Sakamoto et al. mentioned unlooped colonoscopy insertion technique as a prerequisite to perform colorectal ESD [16]. That was to complete more than 10 cases of total colonoscopy within 5 min without causing abdominal discomfort in patients. Ohata et al. also mentioned skillful performance at total colonoscopies as one of the prerequisites before colorectal ESD [7]. Good colonoscopy insertion technique may represent skillful scope control that is a fundamental portion of ESD procedure. Compared with gastric ESD experience, masterful colonoscopy insertion technique may be more indispensable before colorectal ESD, although this may need to be proven more.

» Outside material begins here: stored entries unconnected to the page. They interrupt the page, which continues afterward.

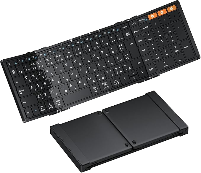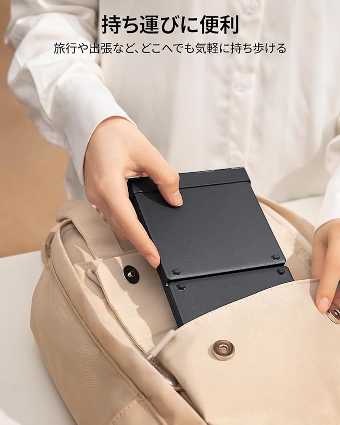 【持ち運びやすい折りたたみキーボード】欧米のSNSで話題沸騰中の2025年最新版XK01折り畳みキーボードが初登場!持ち運びやすさと使いやすさを兼ね備えモデルです。三つ折り構造で折りたたむとiPad miniと同じくらいサイズになり、重さも291gと軽量で、外出や出張などの際の持ち運びに便利です。使用しない時はカバンの隙間やパソコンケースにサッと収納できます。コンパクトで軽量な設計により、自宅だけでなく、カフェや図書館、オフィス、飛行機内など、場所を選ばず快適に作業ができます。(展開時サイズ: 38.58 11.89 1.22cm、折りたたみ時サイズ: 21.49 11.89 1.98cm)
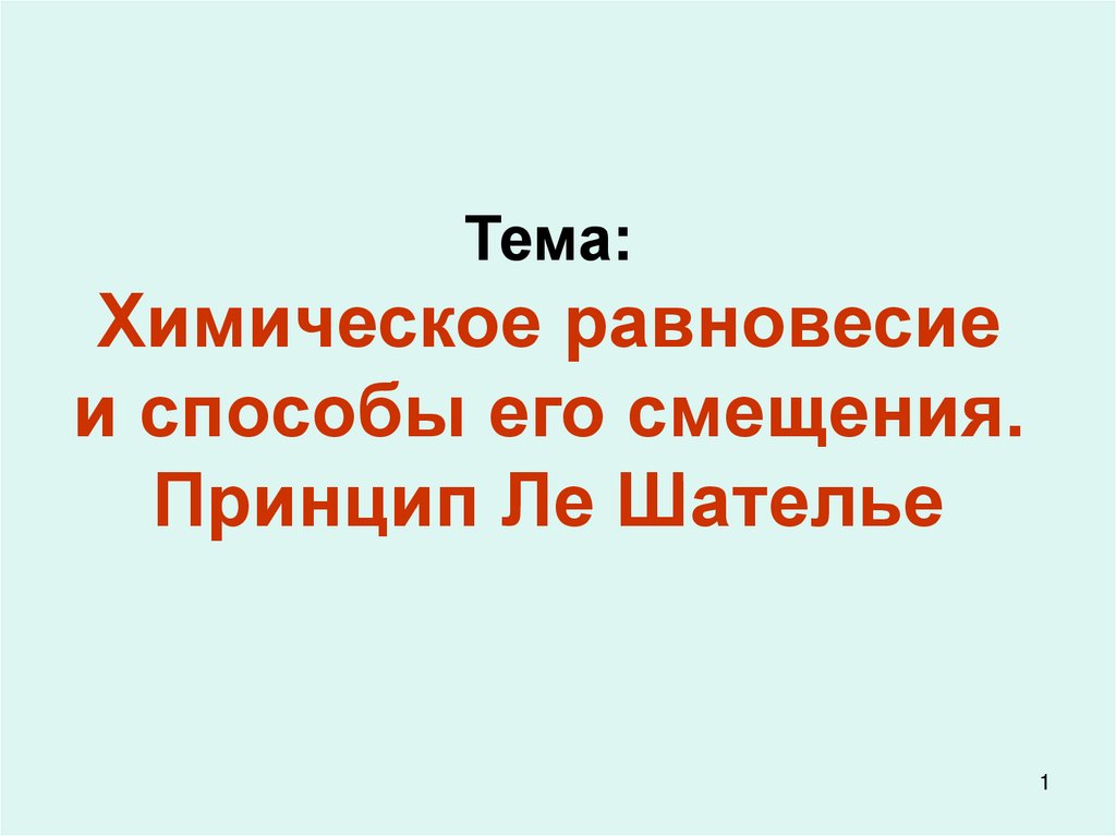 Равновесие – состояние системы, при которой еепараметры (температура, давление, концентрация реагентов и
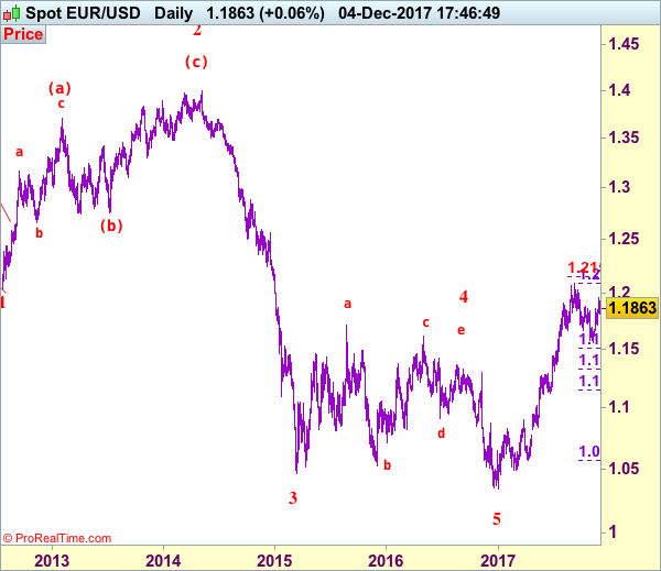 Euro’s long-term uptrend started from 0.8228 (26 Oct 2000) with an impulsive structure. The rise from 0.8228 to 0.9593 (5 Jan 2001) is labeled as wave I, the retreat to 0.8352 (6 Jul 2001) is wave II and the rally to 1.3670 (31 Dec 2004) is wave III. Wave IV from there ended at 1.1640 (15 Nov 2005), the subsequent upmove to 1.6040 (July 15, 2008) is treated as wave V, the major selloff from the record high of 1.6040 to 1.2329 (October 27, 2008) signals a reversal has taken place with (I) leg ended at 1.2329 and once (II) ended at 1.5145, wave (III) itself is an extended move with I: 1.1876 and complex wave II ended at 1.4902, wave III has commenced with wave 1 and 2 ended at 1.2042 and 1.3993 respectively, wave 3 of III is now unfolding for weakness towards parity.
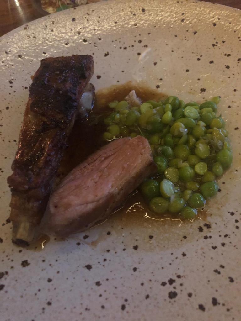 צלע וסינטה של טלה עם אפונים, יוגורט טורקי וצ'יפס שעורה (שלא בתמונה)
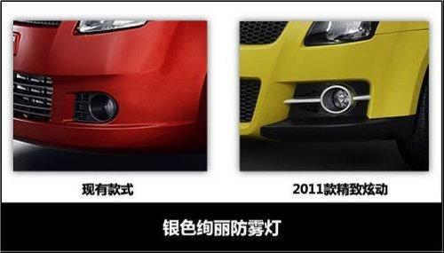 2011款雨燕在外型上與現(xiàn)款車型相比有了很大突破,甚至能夠稱之為運動款,運動元素遍布整個車身。前大燈、霧燈裝飾、前保險杠、進氣格柵均進行了重新設(shè)計。前臉上巨大的進氣口和黑底的前大燈顯得酷勁十足且更具侵略性;霧燈區(qū)域的變化也很搶眼,原本與條紋格柵相一致的黑色霧燈經(jīng)過銀色裝飾后,視覺沖擊力更強。車身側(cè)面增加了空氣動力學側(cè)圍裙邊,動感魅力更加明顯。
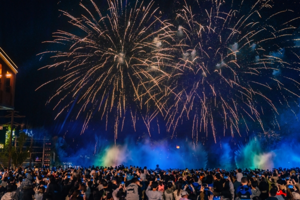 漁田七里海的煙花在夜空繪制出一幅幅璀璨畫卷。(圖片由漁田七里海度假區(qū)提供)
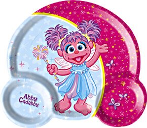 Each Abby Cadabby plastic divided plate measures 7 3/4" x 7". Each plate is made of durable plastic and can be reused. Each plate features Abby Cadabby on a pink and light blue background.
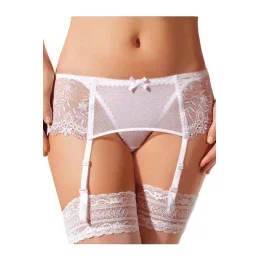 Podväzkový pás 032 Ewana - biely - elegantný dizajn - vyrobený z jemného tylu a vyšívanej čipky - dĺžka popruhov sa dá ľubovoľne nastaviť
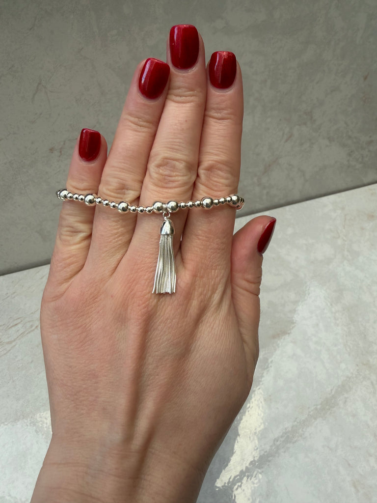 Handmade sterling silver beaded stretch bracelet using 3mm and 5mm beads thread onto strong stretch elastic with a sterling silver Tassel charm and a 925 sterling silver tag.
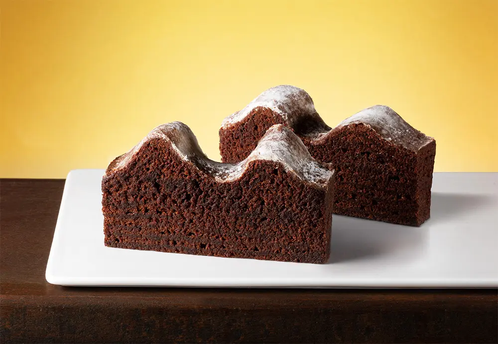 生地は、ねんりん家の冬の名物『マウントバーム ブラウニー』。ナッティな味わいの“ベネズエラ産カカオマス”とスイス‧フェルクリン社の“百年ココア”を練りこみ、長時間じっくりと焼き上げました。
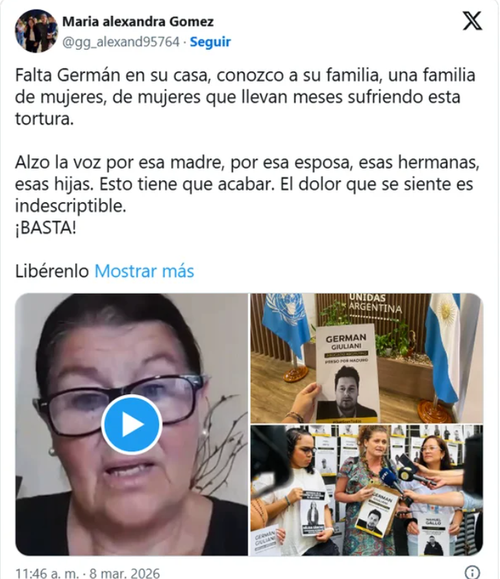 María Alexandra Gómez, pareja del gendarme argentino Nahuel Gallo, reclamó públicamente la liberación de Germán Giuliani, otro ciudadano argentino que continúa detenido en Venezuela, y visibilizó el drama que atraviesa su familia.
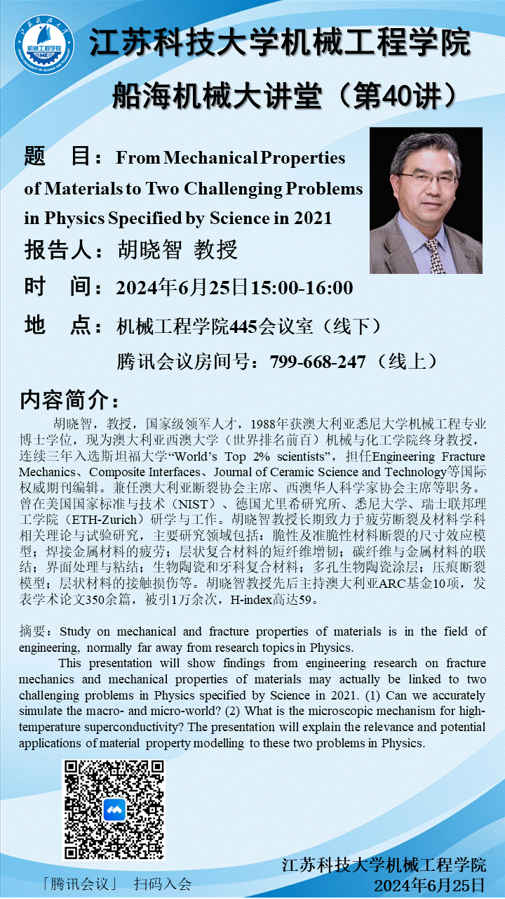 学术报告——From Mechanical Properties of Materials to Two Challenging Problems in Physics Specified by Science in 2021
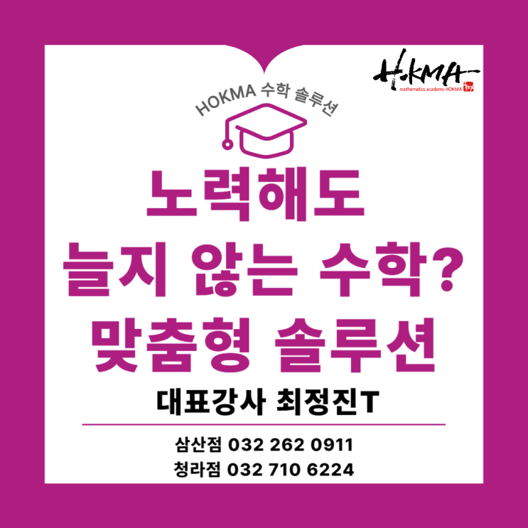 안녕하세요. 산곡동 수학학원, 호크마수학학원입니다. 열심히 하려는 의지는 분명한데, 성적은 좀처럼 올라가지 않으면 마음은 더 조급해질 수밖에 없습니다. 시간도 충분히 쓰고, 문제도 많이 풀고 있는데 결과가 따라오지 않는다면? 그 원인은 노력 부족이 아니라 공부 방향 문제일 가능성이 큽니다. 그래서 오늘은 왜 실력이 제자리걸음이 되는지 원인과, 그리고 그 문제를 해결해 나가는 방법에 대해 산곡동 수학학원 호크마 대표강사 최정진 선생님의 맞춤형 학습 솔루션에 대해 살펴보려고 합니다. Insight 많은 학생들이 충분히 노력하고 있음에도 수학에서 눈에 띄는 변화가 나타나지 않는 경우가 많습니다. 그 이유는 의외로 단순합니다....... <img src="https://blogthumb.pstatic.net/MjAyNjAyMjRfMzIg/MDAxNzcxODcyNjk1NzEw.8dygFG2XoEWSvROtWhS5TGOu5YvRrOQwUn3TwdjeLvQg.Y14mardGvJVrP5pcNCBf1S1-UEvdepNuRSFyoDb2e-cg.PNG/001.png?type=s3" />
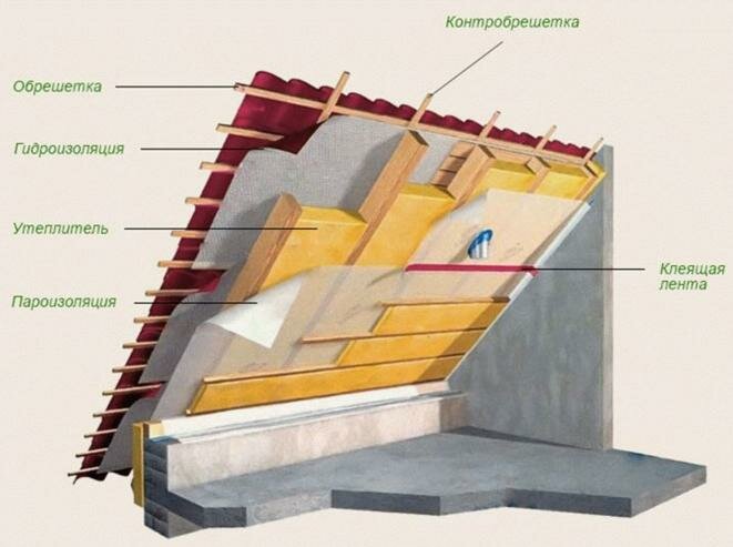 Теплоизоляция и обрешетка двухскатной кровли Теплоизоляция и обрешетка - вот на что стоит обратить пристальное внимание при сооружении двухскатной крыши. Теплоизоляционный материал нужен для того, чтобы не выпускать тепло в помещении наружу. Как правило, в качестве утеплителя используется всевозможные комбинированные материалы, имеющие в своей основе минеральную вату. Важно отметить, что теплоизоляция делается вместе с укладкой гидро- и пароизоляционного материала.
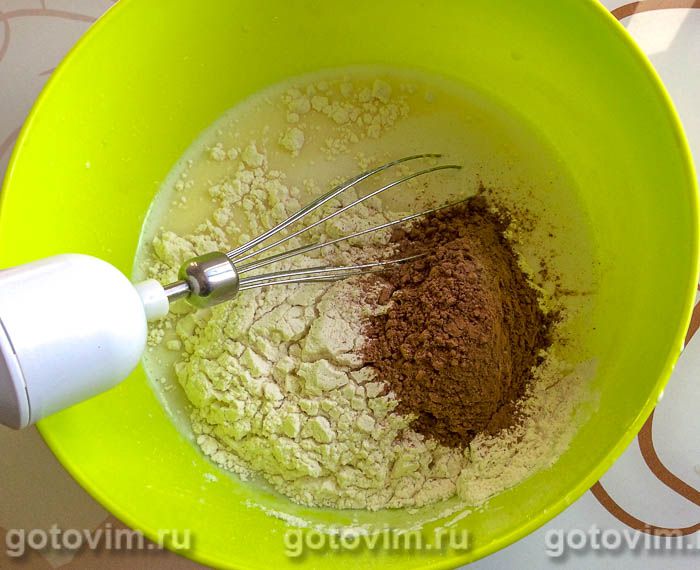 Муку просеять, смешать с разрыхлителем и солью. Если нет разрыхлителя, можно обратиться к классическому способу и заменить пекарский порошок на соду, гашеную 9% уксусом. Тщательно размешать муку. Ввести в получившуюся смесь молоко комнатной температуры. Просеять какао через ситечко, перемешать тесто для панкейков миксером до полного растворения комочков.
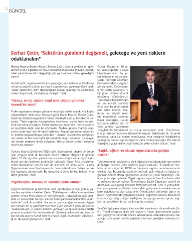 Güneş Sigorta Genel Müdürü Serhat Çetin, sigorta sektörünün gün- Güneş Sigorta’nın 60 yıl-

The limitation of our study is its single-operator and single-institution design. Our experience showed that good colonoscopy insertion technique may be important, but how to define a competent colonoscopist would be another issue. Furthermore, we think it is quite necessary to frequently inquire of Japanese experts about ESD problems and observe them demonstrating ESD. It is helpful to overcome a bottleneck during the learning of colorectal ESD.

6. Conclusion

Our result revealed that, through animal model training, acquaintance with the latest knowledge, learning from Japanese experts' live demonstration, and adequate selection of the initial cases, it is also feasible, effective and safe for colorectal ESD to be performed by a colonoscopist with limited experience of gastric ESD.